> Work to complete:
Each entry that follows is to be copied exactly, minus any pictures.
[Data in this exercise — start]
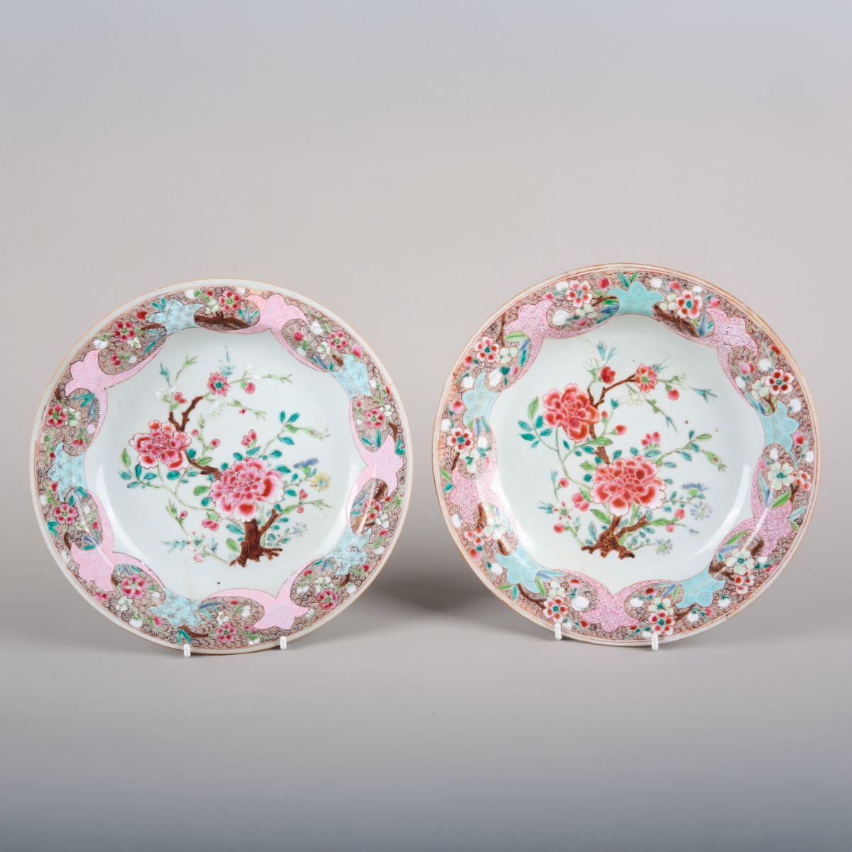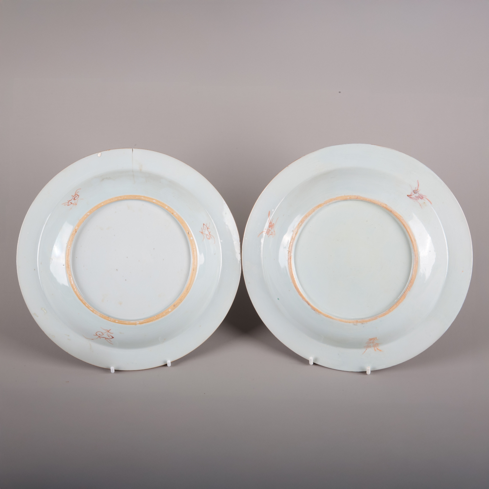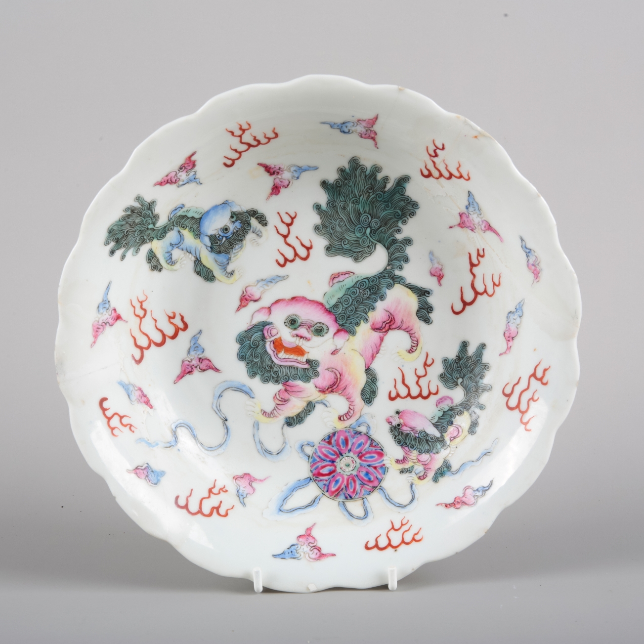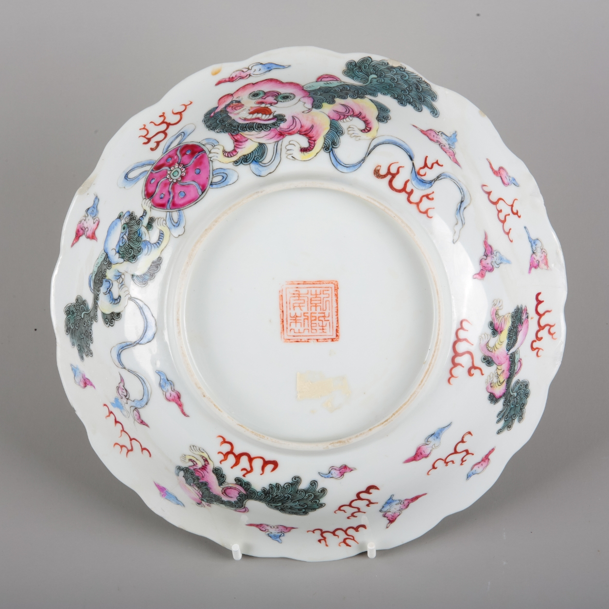 bearing a Qianlong six character seal mark, enamelled with shishis amongst flaming clouds, 22cm diameter; together with two famille rose porcelain plates enamelled with blooming prunus decoration, 23cm diameter (3)
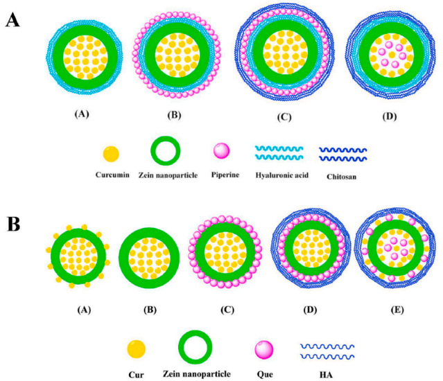 Fig. 1. Representative cases of co-delivery of bioactive compounds in different locations within a single carrier. (A) Co-delivery of curcumin and piperine by zein/ hyaluronic acid/chitosan nanoparticles. Adapted from Chen et al. (2019d). (B) Co-delivery of curcumin and quercetagetin by zein/hyaluronic acid nanoparticles. Adapted from Chen et al. (2019b).
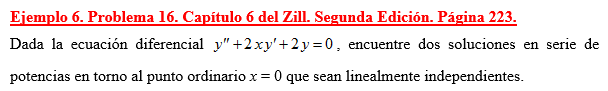 Dada la ecuación diferencial \( \displaystyle y^{\prime\prime}+2xy^{\prime}+2y=0\), encuentre dos soluciones en serie de potencias en torno al punto ordinario x = 0 que sean linealmente independientes.
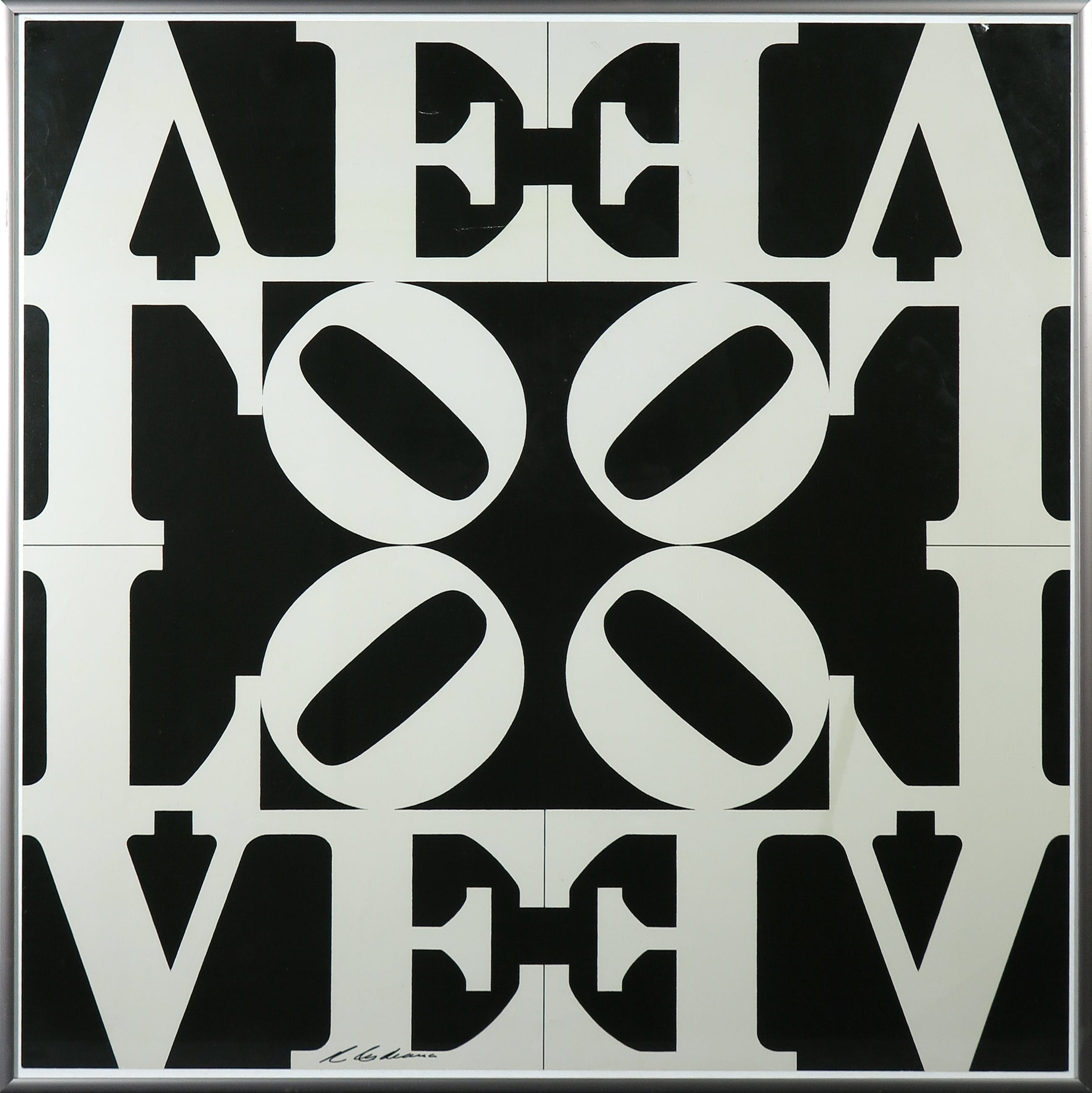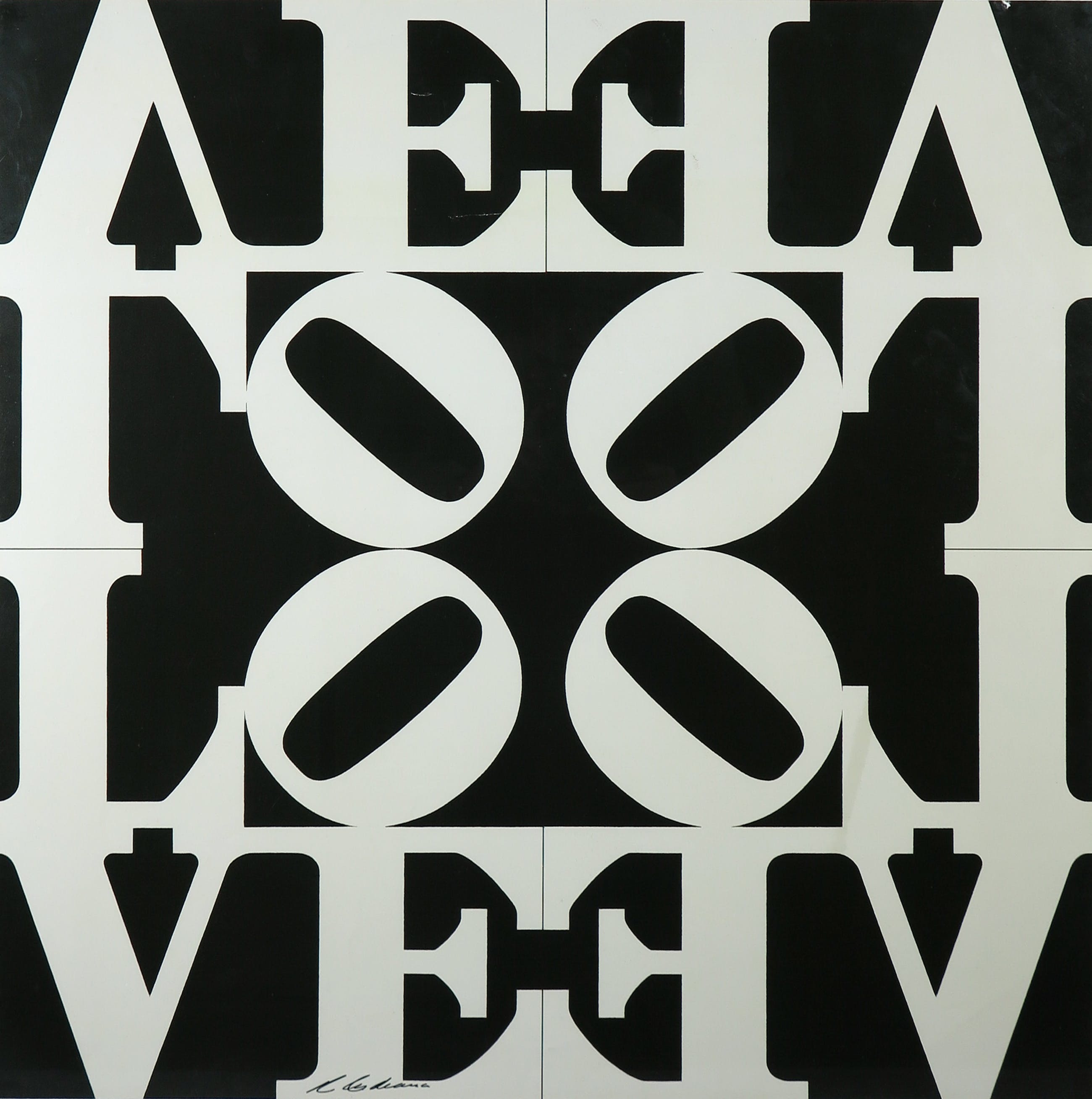 Handgesigneerd offset-gedrukt exemplaar van het beroemde ontwerp 'Love', in zwart-wit uitgevoerd.
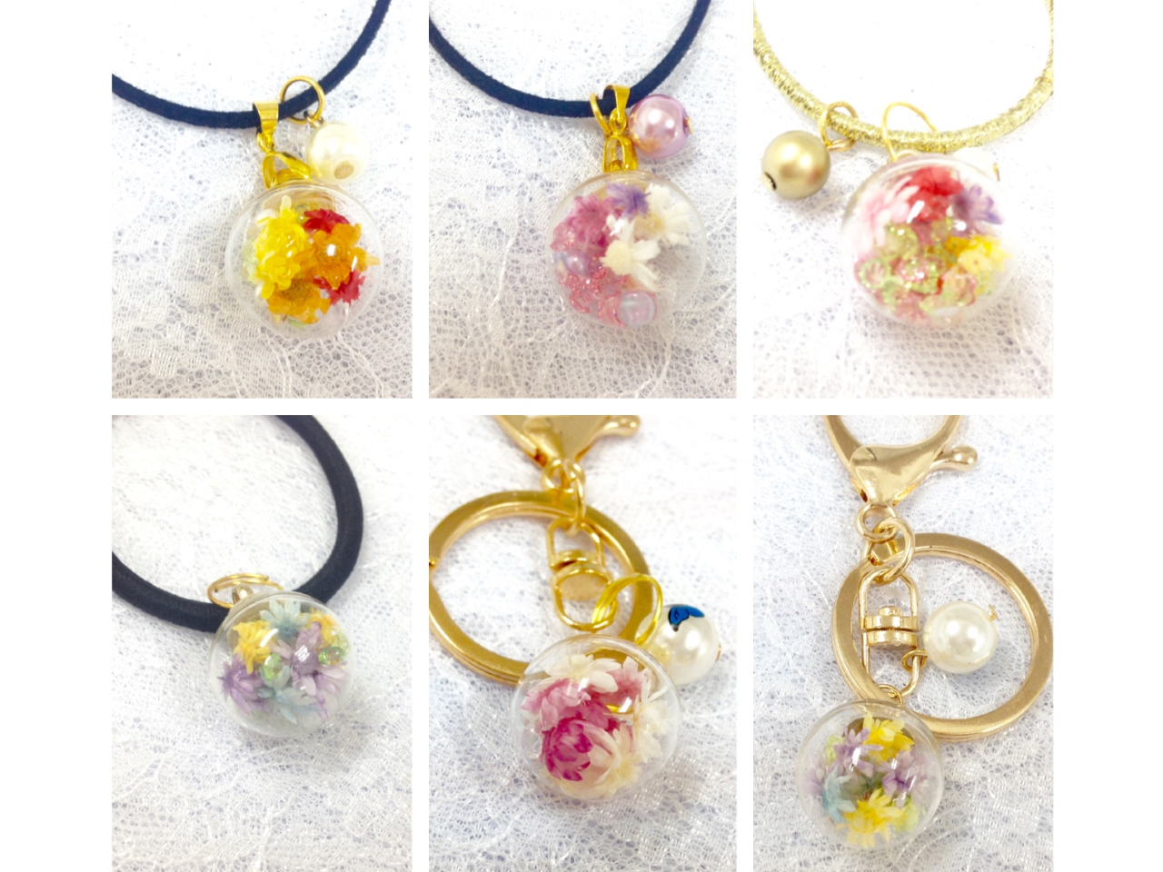 ガラスドームにお花やパール、ホログラム等を入れてキラキラ透明アクセサリーを作りましょう♪
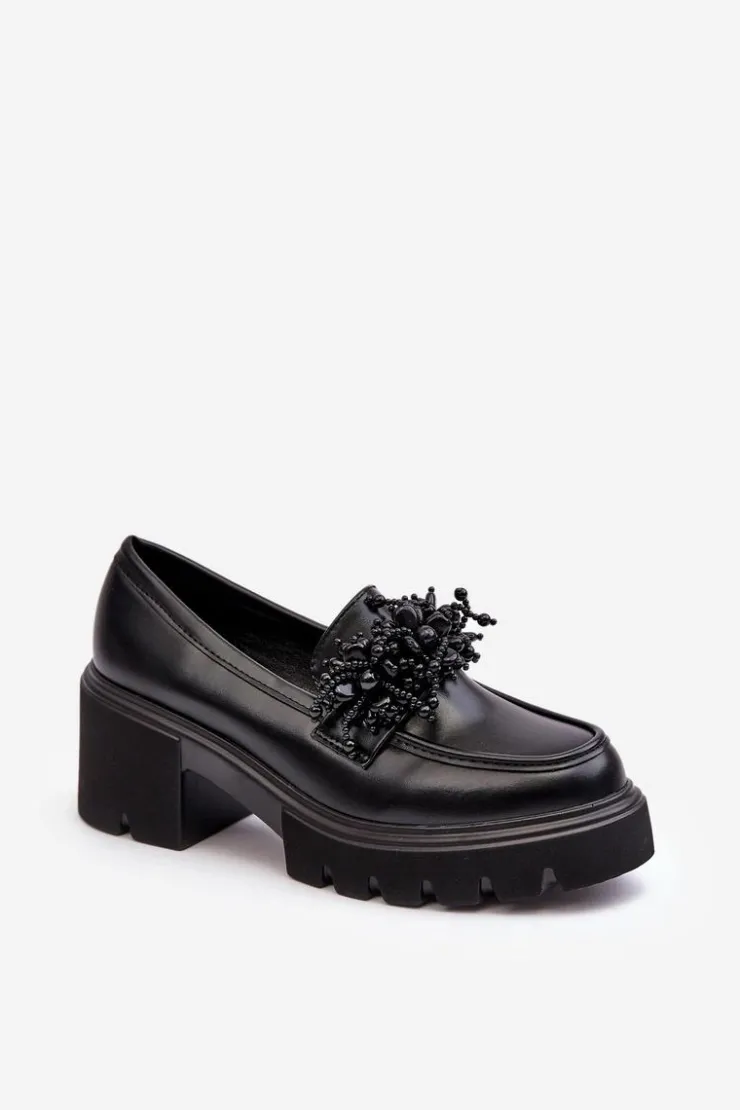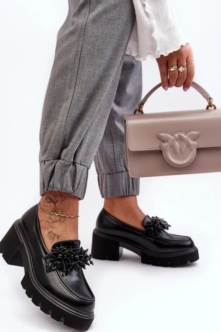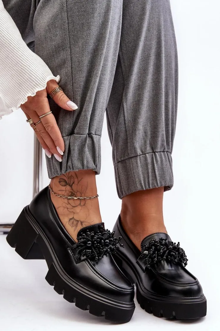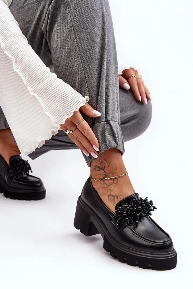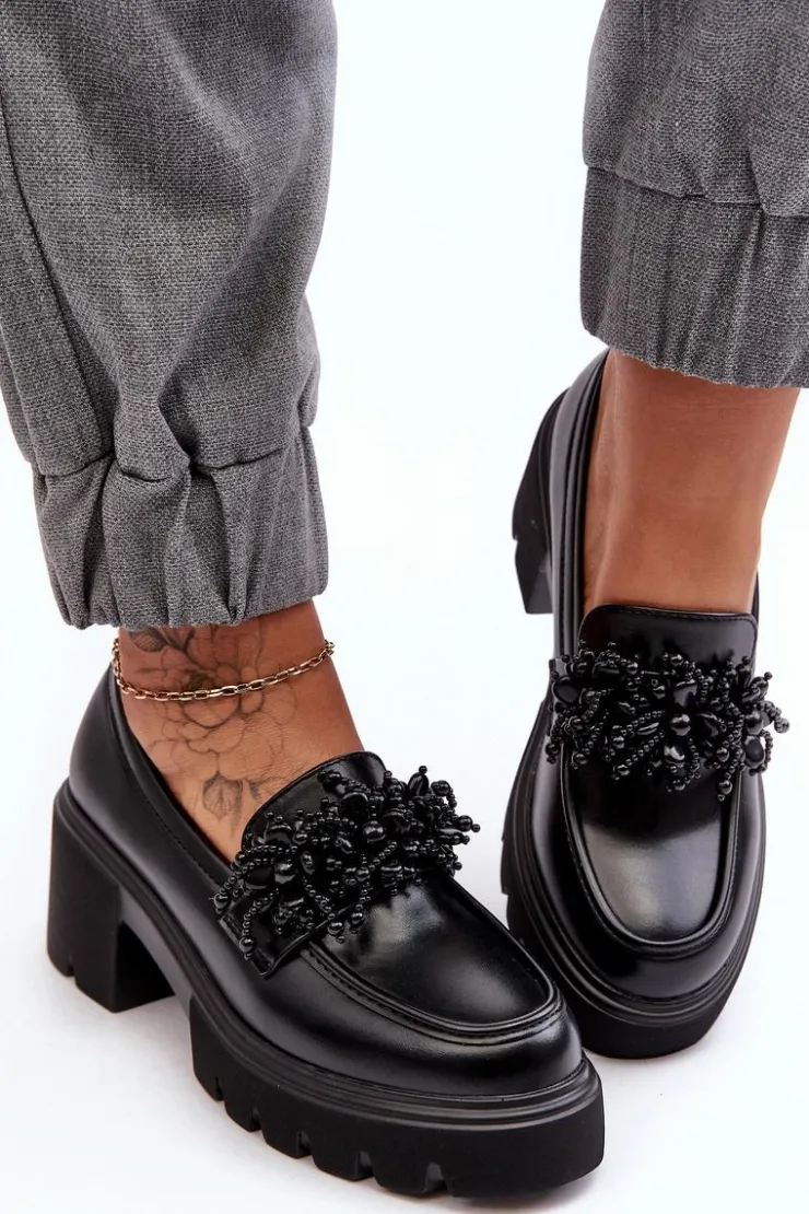 Stylowe półbuty damskie z ozdobą na pasku. Osadzone grubej podeszwie i masywnym, niskim obcasie. Noski zaokrąglone. Usztywniony zapiętek. Eko skórzana wkładka zapewni komfort podczas użytkowania. Model ten będzie idealny do wielu jesiennych stylizacji! Przy wyborze rozmiaru prosimy sugerować się tabelą rozmiarów.
[Data in this exercise — finish]
> Reply:
 bearing a Qianlong six character seal mark, enamelled with shishis amongst flaming clouds, 22cm diameter; together with two famille rose porcelain plates enamelled with blooming prunus decoration, 23cm diameter (3)
 Fig. 1. Representative cases of co-delivery of bioactive compounds in different locations within a single carrier. (A) Co-delivery of curcumin and piperine by zein/ hyaluronic acid/chitosan nanoparticles. Adapted from Chen et al. (2019d). (B) Co-delivery of curcumin and quercetagetin by zein/hyaluronic acid nanoparticles. Adapted from Chen et al. (2019b).
 Dada la ecuación diferencial \( \displaystyle y^{\prime\prime}+2xy^{\prime}+2y=0\), encuentre dos soluciones en serie de potencias en torno al punto ordinario x = 0 que sean linealmente independientes.
 Handgesigneerd offset-gedrukt exemplaar van het beroemde ontwerp 'Love', in zwart-wit uitgevoerd.
 ガラスドームにお花やパール、ホログラム等を入れてキラキラ透明アクセサリーを作りましょう♪
 Stylowe półbuty damskie z ozdobą na pasku. Osadzone grubej podeszwie i masywnym, niskim obcasie. Noski zaokrąglone. Usztywniony zapiętek. Eko skórzana wkładka zapewni komfort podczas użytkowania. Model ten będzie idealny do wielu jesiennych stylizacji! Przy wyborze rozmiaru prosimy sugerować się tabelą rozmiarów.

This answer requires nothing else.